• _GIVEN RECORDS_:
╔══

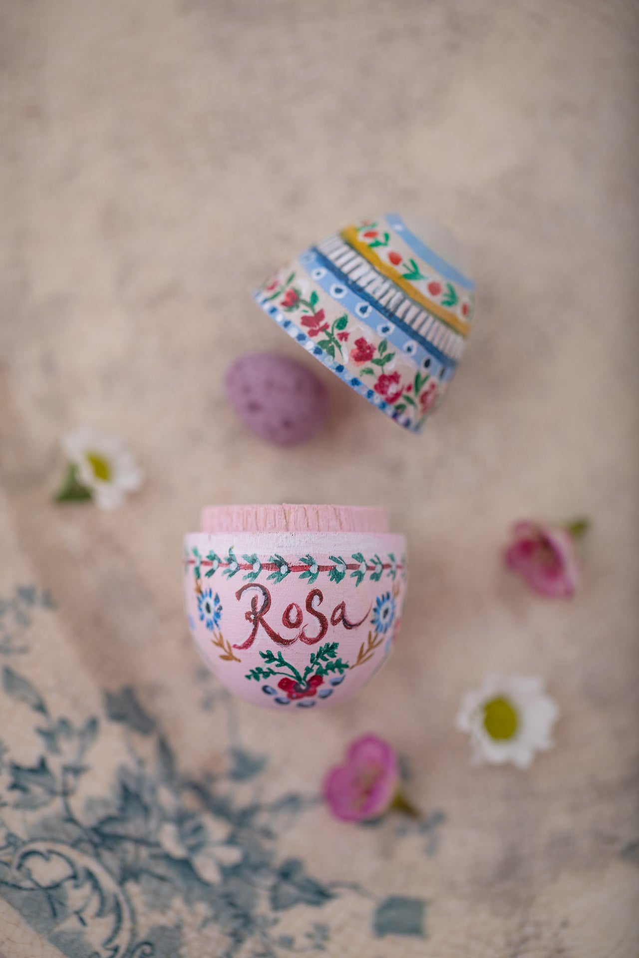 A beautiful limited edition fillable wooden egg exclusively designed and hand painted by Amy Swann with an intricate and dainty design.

╚══
╔══

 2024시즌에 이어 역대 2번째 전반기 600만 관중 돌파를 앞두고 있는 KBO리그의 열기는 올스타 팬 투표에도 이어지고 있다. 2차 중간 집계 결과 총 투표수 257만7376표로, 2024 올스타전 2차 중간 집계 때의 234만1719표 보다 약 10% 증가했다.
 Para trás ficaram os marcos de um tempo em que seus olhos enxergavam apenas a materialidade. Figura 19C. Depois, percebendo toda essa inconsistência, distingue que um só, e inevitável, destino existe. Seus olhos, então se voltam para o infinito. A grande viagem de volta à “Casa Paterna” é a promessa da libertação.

╚══

• _WORK INSTRUCTIONS_:
Return only the stretch of the material above from the line holding "2024시즌에 이어 역대" through the line holding "Para trás ficaram", copied exactly.

• _SOLUTION_:
 2024시즌에 이어 역대 2번째 전반기 600만 관중 돌파를 앞두고 있는 KBO리그의 열기는 올스타 팬 투표에도 이어지고 있다. 2차 중간 집계 결과 총 투표수 257만7376표로, 2024 올스타전 2차 중간 집계 때의 234만1719표 보다 약 10% 증가했다.
 Para trás ficaram os marcos de um tempo em que seus olhos enxergavam apenas a materialidade. Figura 19C. Depois, percebendo toda essa inconsistência, distingue que um só, e inevitável, destino existe. Seus olhos, então se voltam para o infinito. A grande viagem de volta à “Casa Paterna” é a promessa da libertação.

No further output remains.